While I worked I watched a Ash YouTube weaving episode where they 3D printed their own heddle! To create a commissioned medieval reproduction piece. Ash is a hugely entertaining YouTuber, very much recommended. Makes costume for cosplay LARPS,  social commentary, an every-fiber-art expert, just worth following



and then on to Atomic Shrimp, here cooking items he's foraged. Another channel worth your time, endlessly interested in nature, foraging, cooking, creating items, with a nice little dog, Eva, who takes part in practically everything. And a patient and encouraging wife.


and here's the completed socks ready for wearing again.


I revived my qi gong practice, Eight Pieces of Silk, eight exercises with names like Holding up Heaven with Both Hands, Pulling the Bow, and Punching With Angry Eyes.

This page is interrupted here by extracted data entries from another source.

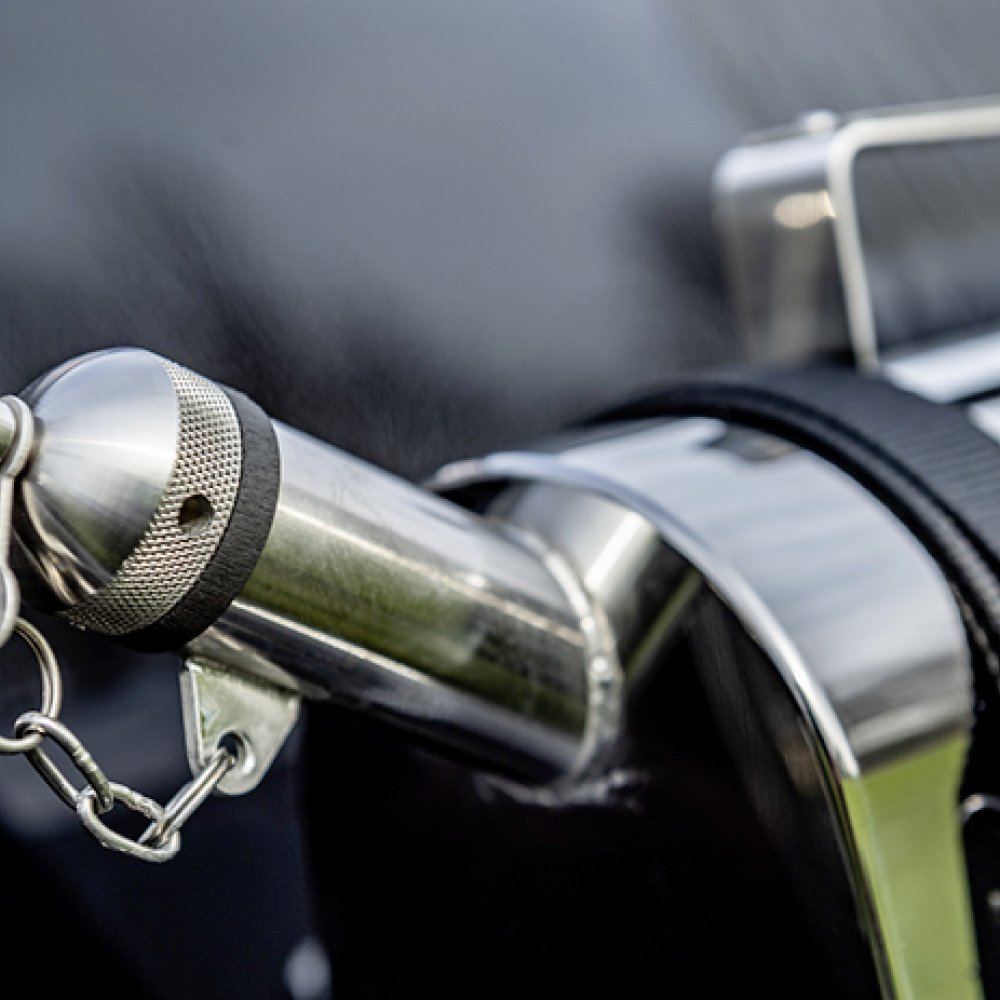 - Aus dem Vollen gedrehte Verschlussschraube mit Edelstahlketten-Sicherung für die Verwendung mit dem werkseitigen Steckstift
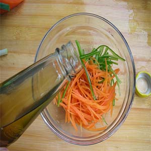 小贴士:胡萝卜用刀切丝,要切细点; 胡萝卜丝要先加上盐腌制一会,吃起来味道更好。
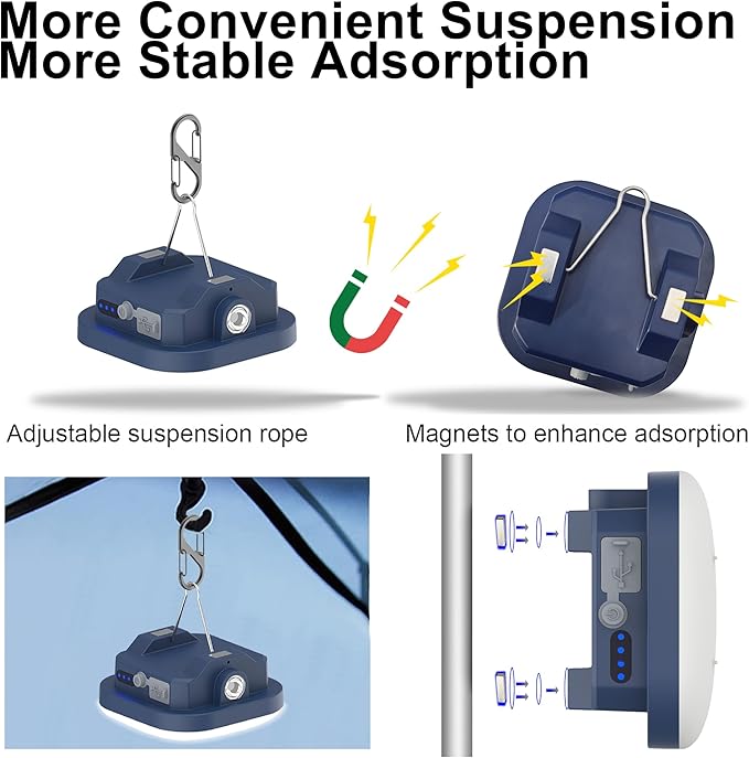 - 【Convenient to use】This portable camping light comes with one detachable strap hooks,carabiner and magnet, at the base that can hang the tent light upside down to get better light when lighting up a big area.The Improvement magnet could adsorbed on any surface of metal.
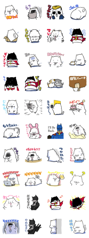 白ねこ「おもちまる」は、トラブルの時は「ニクキューマン」に変身して皆を救う!ちょっと頼りないヒーローと仲間達のスタンプです。
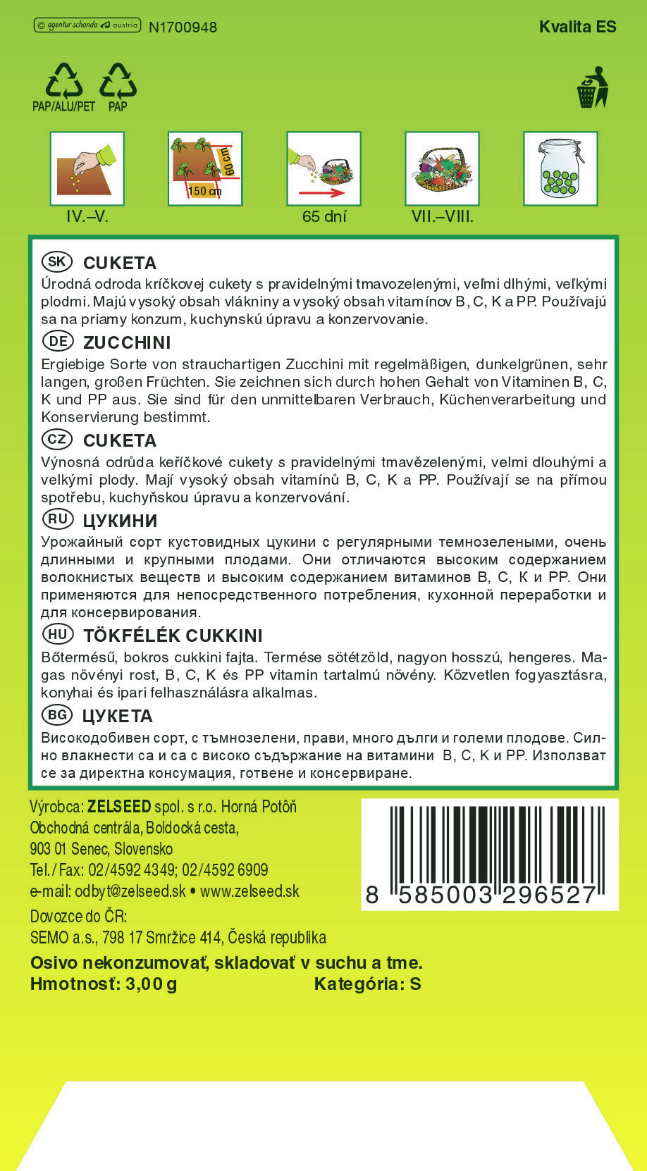 Zelseed Tykev cuketa - Mestik keříčková, tm.zelená 3g
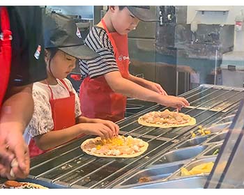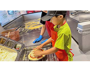 自分でトッピングをきめて、ピザ作りできて楽しかったです。大きなれいぞうこにも入ってみました。またやってみたいです。
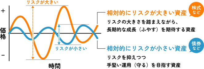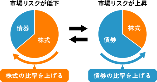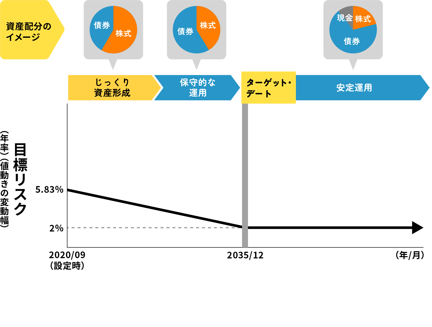 - 当資料の資産配分の円グラフはイメージであり、実際の配分とは異なります。また、各ファンドの基準価額の値動きの変動幅(年率標準偏差)が、目標リスク(年率)の範囲に収まるとは限りません。資金動向、市況動向等によっては、上記のような運用ができない場合があります。
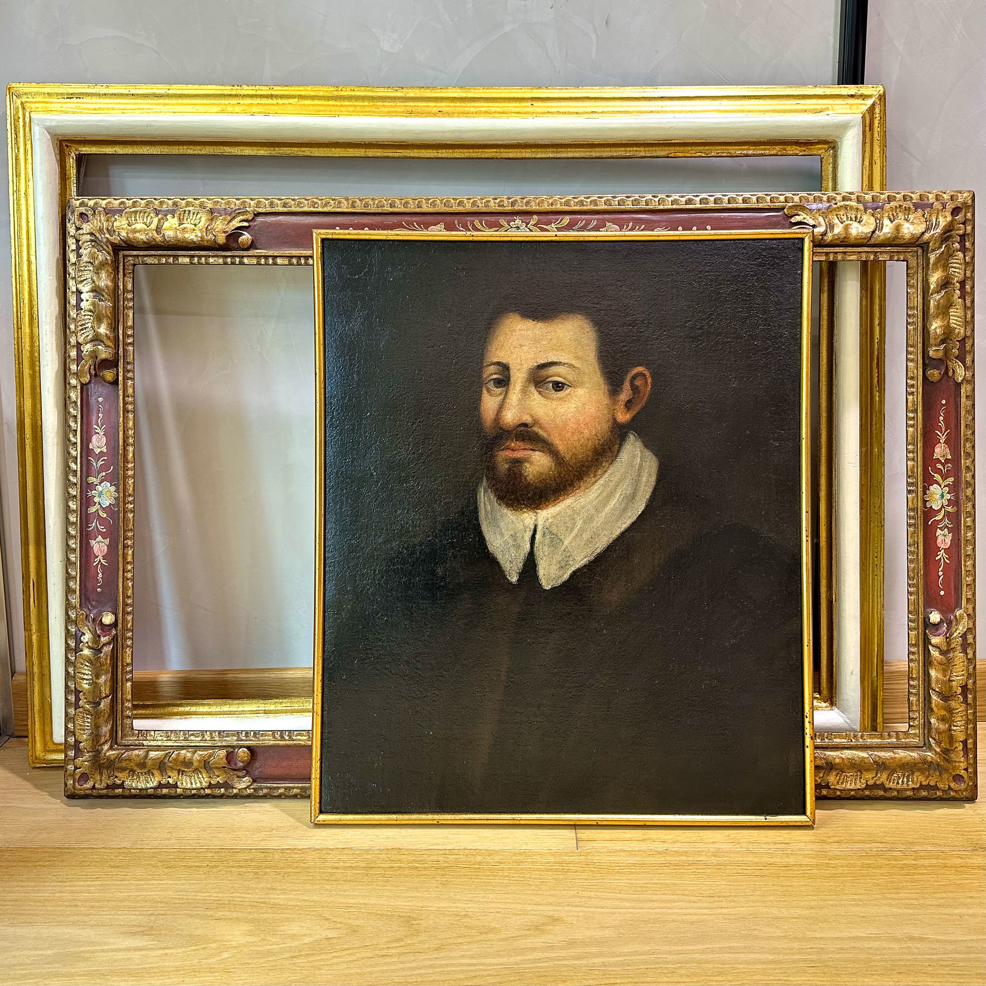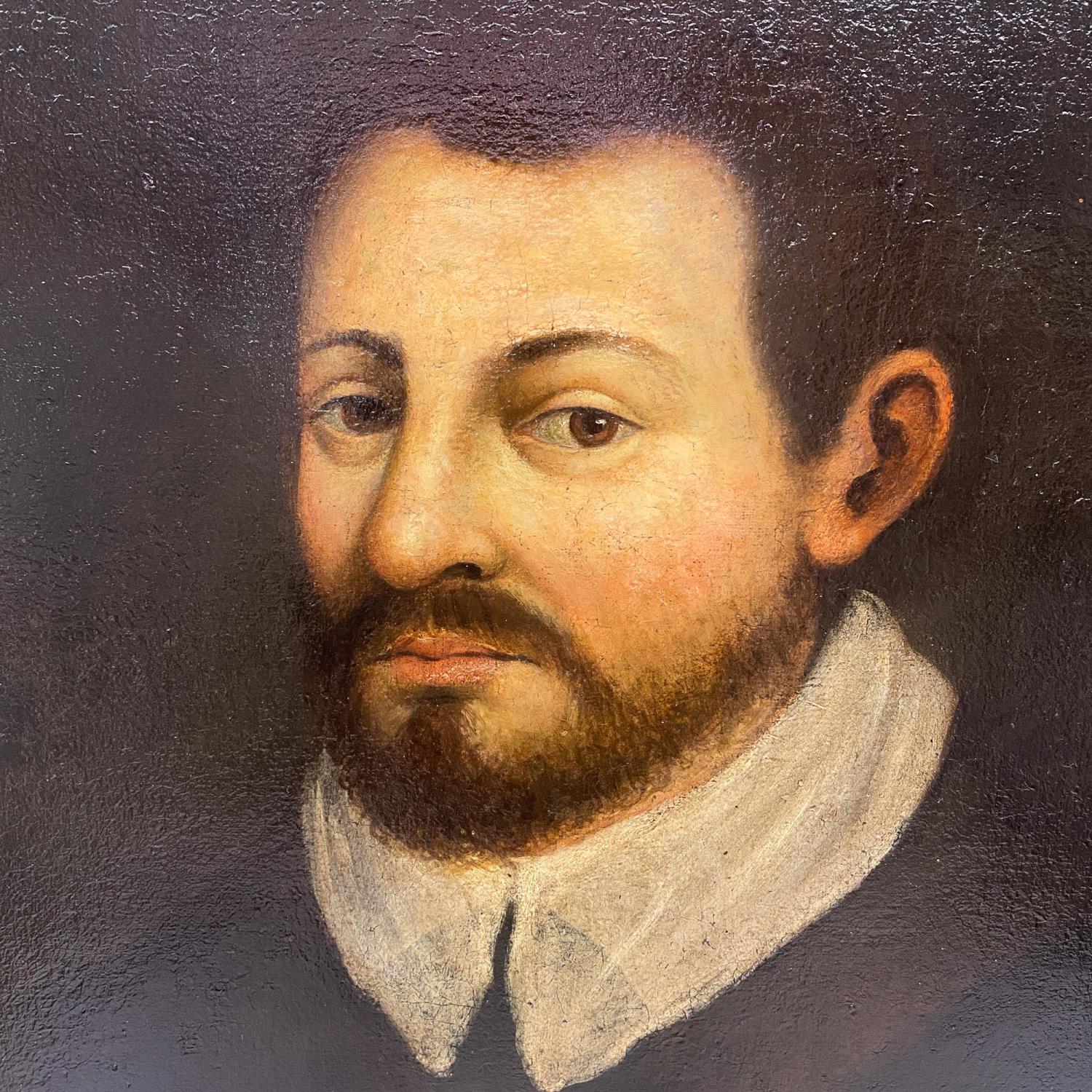 Dipinto ad olio su tela raffigurante un mezzo busto maschile su sfondo scuro come tipico del periodo in cui è stato realizzato, la prima metà del XVII secolo. Il soggetto ha il busto e il volto leggermente girati verso destra, ma il suo sguardo è rivolto verso lo spettatore. Sugli abiti e lo sfondo scuri spicca l'incarnato roseo, messo ulteriormente in risalto dal colletto bianco. L'opera è accompagnata da una semplice cornice dorata, sicuramente di recente fattura, ed è in ottimo stato di conservazione.
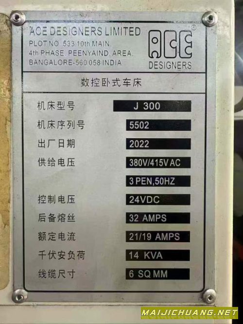 产品名称:印度ACEJ300数控车床,同款三台,2022年出厂,法纳克T.
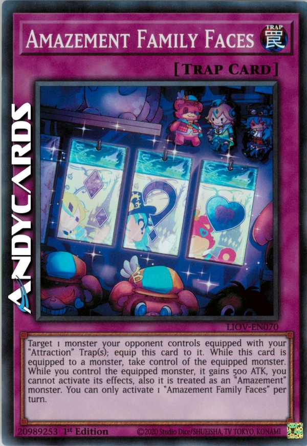 Target 1 monster your opponent controls equipped with your "Attraction" Trap(s); equip this card to it. While this card is equipped to a monster, take control of the equipped monster. While you control the equipped monster, it gains 500 ATK, you cannot activate its effects, also it is treated as an "Amazement" monster. You can only activate 1 "Amazement Family Faces" per turn.

I like the punching one, great stress reducer for the solar plexus. And you can ki-yip  on that one, that sort of scream that gathers your strength, the kind weight lifters do. 

Happy day, everyone, enjoy screaming and punching if that's where you are today.






Saturday, February 24, 2024

Quiche and other chat

Yesterday the spinach quiche came to pass, in the cast iron pan, which I like because you start the dish on the stove top, bake it and you've used one pan, also cast iron is great for baking.


Here's the mixture, onions, fresh spinach, eggs and cheese


Coming out of the oven


And served with a handful of cilantro working as a green salad. Three more meals like this, because it heats up nicely.

That fortified me for the Friday knitting group, which was a quiet affair this week, no new work to show you. Conversation ranged over allergies, since mine have started, proving spring is springing, nuts, shellfish, Valentine's day cookies, covid precautions, heating in public buildings, septic systems, wells, flowering trees, absent members, and the Sock Ministry. 

Happy day, good weekend, everyone. 



Two years today since the Russian invasion of Ukraine. We really must pass the aid bill. Aside from the humanitarian urgency, it actually provides employment all over the US, where weapons and ammunition are manufactured. This is a point overlooked by people opposed to helping Ukraine. Aside from their fighting our proxy war against the ambition of P***n.